JPH0516630A - Double-wishbone type suspension - Google Patents

Abstract

PURPOSE:To prevent a large reduction of the caster angle and the caster trail when a wheel receives a rearward force from the road surface. CONSTITUTION:An upper arm 14 and a lower arm 16 pivited to a wheel carrier at the outer ends, and pivoted to a car body at two inner ends which are separated in the front side and the rear side, through a pair of rubber bushes, are provided. One side rubber bushes 48 and 54 at the inner ends of the arms have the first chamber space 56 and the second chamber space 58 at the inner sides respectively. The first and the second chamber spaces are connected each other through a duct 10, and one side chamber space is provided at the position to receive a compression deformation when the corresponding arm is moved to move its outer end to the rear side, while the other side chamber space is provided at the position to receive a tensile deformation when the corresponding arm is moved to move its outer end to the rear side.

Description

Detailed Description of the Invention

[0001]

BACKGROUND OF THE INVENTION 1. Field of the Invention The present invention relates to a suspension of a vehicle such as an automobile, and more particularly to a double wishbone type suspension.

[0002]

2. Description of the Related Art As one of the double wishbone type suspensions for vehicles such as automobiles, there is, for example, the actual breakout 62-.
As described in Japanese Patent No. 187904, a carrier that rotatably supports a wheel and an elastic bush at two inner ends that are pivotally attached to the carrier at their outer ends and are substantially separated from each other in the vehicle front-rear direction. A double-wishbone type suspension having an upper arm and a lower arm pivotally supported by a vehicle body via the vehicle is already known.

FIG. 4 is a schematic perspective view showing an example of the double wishbone type suspension as described above as a skeleton diagram.

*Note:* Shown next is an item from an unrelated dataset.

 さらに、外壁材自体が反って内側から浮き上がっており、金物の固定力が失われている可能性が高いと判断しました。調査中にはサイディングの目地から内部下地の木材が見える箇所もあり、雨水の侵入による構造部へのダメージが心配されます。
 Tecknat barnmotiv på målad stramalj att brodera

In FIG. 4, the shock absorber and the suspension spring are omitted. In FIG. 4, reference numeral 10 denotes a carrier that rotatably supports the wheel 12 around a rotation axis 12A, and reference numerals 14 and 16 denote an upper arm and a lower arm, respectively. In the illustrated example, both the upper arm and the lower arm are A-type arms.

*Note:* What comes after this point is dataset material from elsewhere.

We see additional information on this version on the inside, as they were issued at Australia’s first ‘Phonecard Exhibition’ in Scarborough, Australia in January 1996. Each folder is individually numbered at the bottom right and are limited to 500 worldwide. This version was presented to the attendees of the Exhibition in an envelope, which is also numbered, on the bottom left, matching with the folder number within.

The upper arm 14 is pivotally attached at its outer end to the upper end of the carrier 10 by a ball joint 18 and has a pair of joints 20 including rubber bushes at two inner ends which are substantially separated from each other in the vehicle longitudinal direction. , 22 pivotally about their common axis 24 to a vehicle body (not shown). Similarly, lower arm 16
Is a carrier 10 at the outer end by a ball joint 26.
Of the vehicle body by a pair of joints 28, 30 which are pivotally attached to the lower end of the vehicle and which include rubber bushes at two inner ends substantially spaced from each other in the longitudinal direction of the vehicle. Is pivoted to. The carrier 10 is integrally provided with a knuckle arm 34, and one end of a tie rod 38 is pivotally attached to the tip of the knuckle arm by a ball joint 36.

[0005]

In the conventional double wishbone suspension as described above, as shown in FIG. 5, when the vehicle is being braked, the wheels 12 have a road surface due to the braking force and the road surface unevenness. When receiving the vehicle rearward force Fb than 40, the ball joint 26 for pivoting look carrier 10 in FIG. 6 in the counterclockwise direction is the vehicle rearward force F ₁
In response to this, the ball joint 18 is displaced to the position indicated by the reference numeral 26 ', and the ball joint 18 acts as a reaction force of F ₁ to force the vehicle forward F ₂
In response to this, it is displaced to the position indicated by reference numeral 18 '. As a result, the kingpin axis 42, defined as a straight line passing through the centers of the ball joints 18 and 26, is displaced to the position indicated by the reference numeral 42 ', which reduces the caster trail Ct to Ct' and reduces the caster angle .theta.c. θc ′, which reduces the straightness of the vehicle.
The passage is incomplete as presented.